1955, 1956 / Film Chest Media / 228m (2 discs) / $19.98 [NR]

Testament of Youth

The low key and exquisite “Testament of Youth” is based on the memoir of World War I by British author Vera Brittain. The film begins during the summer before young Vera (a luminous Alicia Vikander) is to attend Oxford – at a time when a degree was not the thing young women were expected to bother their pretty little heads with. But the war breaks out and Roland (Kit Harrington), an aspiring poet who becomes Vera’s fiancé, enlists as does her brother Edward (Taron Egerton) and for the usual reasons about doing their duty. Only Victor (Colin Morgan) is left out because of poor eyesight – though as the war drags on his vision becomes less of a problem and he too ends up at the front. Because the film deals with loss and trying to make sense of tragedy, it’s no spoiler to reveal that all three men become casualties in that conflict that was guaranteed to be of brief duration and The War to End All Wars. Wanting to be useful, Vera leaves Oxford to become a nurse, first in Britain and then in a ramshackle unit very near the front lines of combat in France. There her knowledge of German comes in handy when she is assigned to care for “Huns” as well as her own brother who, in a ghastly turn of events, ends up at her unit and on recovery is sent off to Italy where he’s killed.

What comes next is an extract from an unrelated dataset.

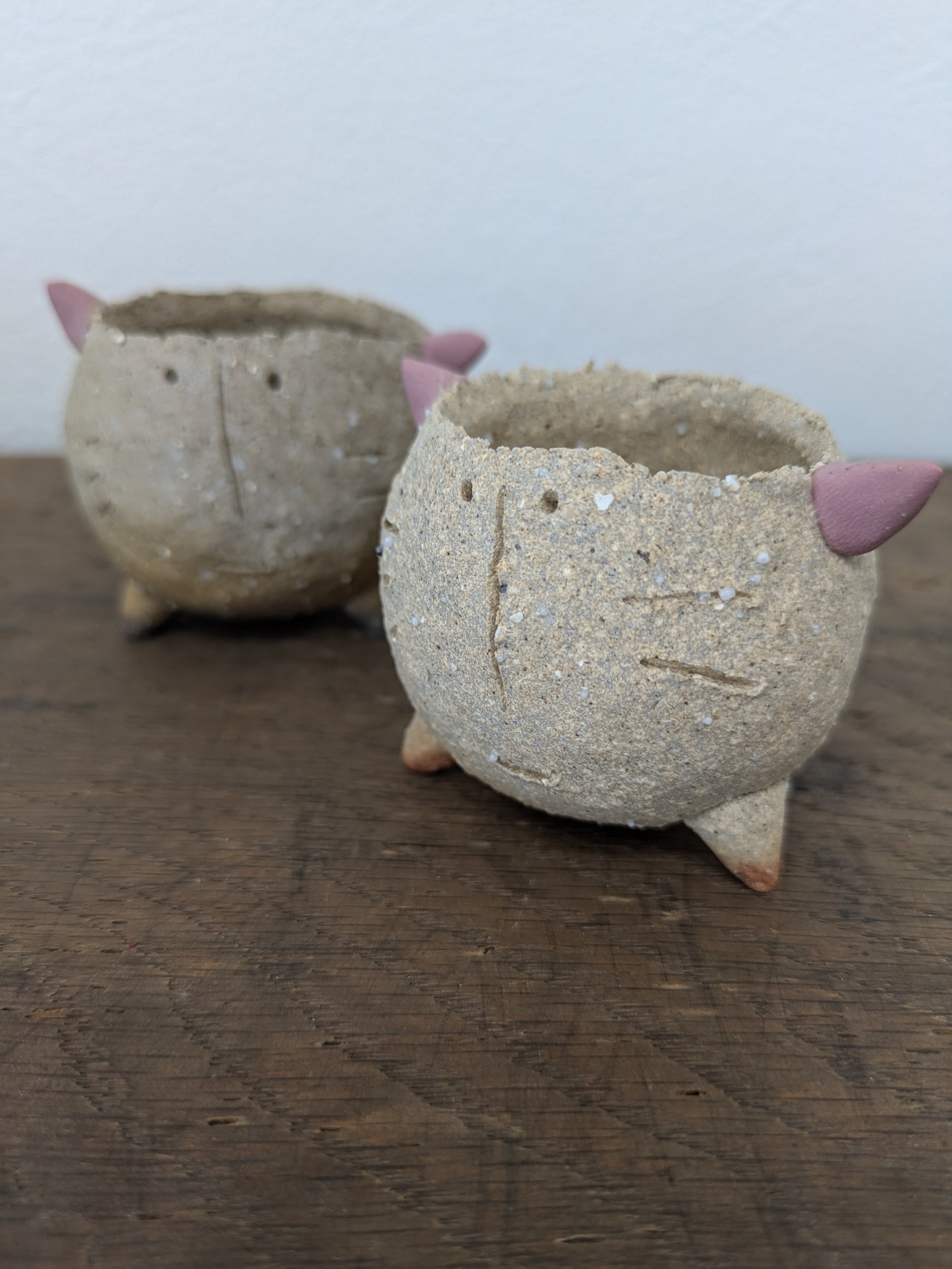 ♡両面に顔!ネコの植木鉢♡ピンク系♡

There is much of “Masterpiece Theater” or at least Merchant and Ivory about “Testament of Youth’s” subdued approach. Yet the way it eschews melodrama is one of its strong points so far as I am concerned. In many ways, this is simply trusting the intelligence of the viewer as when a son’s death is conveyed by the sight of a uniformed messenger arriving, seen by Vera through an upstairs window, followed by the sound of her father’s muffled sobbing downstairs. Director Kent also refrains from piling on the irony when Vera is summoned back home because her mother is having “a crisis” that turns out to be the shops having no eggs or butter. The film pulls no punches, particularly in the scenes set at the front lines hospital where the blown apart bodies of the wounded are not dwelt on (this is no “Saving Private Ryan”) but at the same time no punches are pulled; you can easily understand why Brittain later became one of the leading voices of the Pacifist movement. Kent has cunningly lensed the film, starting it out with the characters set within lush vistas and slowly draining the color and moving closer and closer in on Vera as the experience of the war closes in claustrophobically on her. Boasting immaculate production design and exceptional performances this is a film that is nigh perfect and you mustn’t miss it.